Records excerpted from a collection
<<<<
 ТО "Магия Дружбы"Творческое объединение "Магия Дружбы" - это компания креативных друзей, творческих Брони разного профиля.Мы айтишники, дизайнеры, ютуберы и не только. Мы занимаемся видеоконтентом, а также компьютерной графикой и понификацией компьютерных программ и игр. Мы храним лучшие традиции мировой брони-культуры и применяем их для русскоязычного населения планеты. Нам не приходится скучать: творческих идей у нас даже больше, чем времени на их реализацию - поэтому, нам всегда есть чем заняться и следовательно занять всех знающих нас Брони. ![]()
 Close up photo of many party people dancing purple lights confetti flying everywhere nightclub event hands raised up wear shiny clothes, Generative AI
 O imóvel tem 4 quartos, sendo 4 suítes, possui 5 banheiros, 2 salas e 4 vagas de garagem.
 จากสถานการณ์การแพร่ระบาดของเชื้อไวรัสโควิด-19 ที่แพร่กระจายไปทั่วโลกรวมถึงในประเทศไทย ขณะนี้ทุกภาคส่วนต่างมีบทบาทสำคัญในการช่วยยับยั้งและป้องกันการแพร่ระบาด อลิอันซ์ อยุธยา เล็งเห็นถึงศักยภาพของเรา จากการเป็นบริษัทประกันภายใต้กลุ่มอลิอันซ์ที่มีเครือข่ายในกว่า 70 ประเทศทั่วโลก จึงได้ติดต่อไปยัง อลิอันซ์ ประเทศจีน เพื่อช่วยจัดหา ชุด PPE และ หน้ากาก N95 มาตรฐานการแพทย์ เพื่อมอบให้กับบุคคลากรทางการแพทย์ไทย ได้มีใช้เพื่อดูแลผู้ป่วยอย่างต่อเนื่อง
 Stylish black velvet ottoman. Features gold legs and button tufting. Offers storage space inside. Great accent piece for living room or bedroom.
>>>>
YOUR INSTRUCTIONS:
Reproduce all the records shown above, unchanged.

RESPONSE BELOW:
 ТО "Магия Дружбы"Творческое объединение "Магия Дружбы" - это компания креативных друзей, творческих Брони разного профиля.Мы айтишники, дизайнеры, ютуберы и не только. Мы занимаемся видеоконтентом, а также компьютерной графикой и понификацией компьютерных программ и игр. Мы храним лучшие традиции мировой брони-культуры и применяем их для русскоязычного населения планеты. Нам не приходится скучать: творческих идей у нас даже больше, чем времени на их реализацию - поэтому, нам всегда есть чем заняться и следовательно занять всех знающих нас Брони. ![]()
 Close up photo of many party people dancing purple lights confetti flying everywhere nightclub event hands raised up wear shiny clothes, Generative AI
 O imóvel tem 4 quartos, sendo 4 suítes, possui 5 banheiros, 2 salas e 4 vagas de garagem.
 จากสถานการณ์การแพร่ระบาดของเชื้อไวรัสโควิด-19 ที่แพร่กระจายไปทั่วโลกรวมถึงในประเทศไทย ขณะนี้ทุกภาคส่วนต่างมีบทบาทสำคัญในการช่วยยับยั้งและป้องกันการแพร่ระบาด อลิอันซ์ อยุธยา เล็งเห็นถึงศักยภาพของเรา จากการเป็นบริษัทประกันภายใต้กลุ่มอลิอันซ์ที่มีเครือข่ายในกว่า 70 ประเทศทั่วโลก จึงได้ติดต่อไปยัง อลิอันซ์ ประเทศจีน เพื่อช่วยจัดหา ชุด PPE และ หน้ากาก N95 มาตรฐานการแพทย์ เพื่อมอบให้กับบุคคลากรทางการแพทย์ไทย ได้มีใช้เพื่อดูแลผู้ป่วยอย่างต่อเนื่อง
 Stylish black velvet ottoman. Features gold legs and button tufting. Offers storage space inside. Great accent piece for living room or bedroom.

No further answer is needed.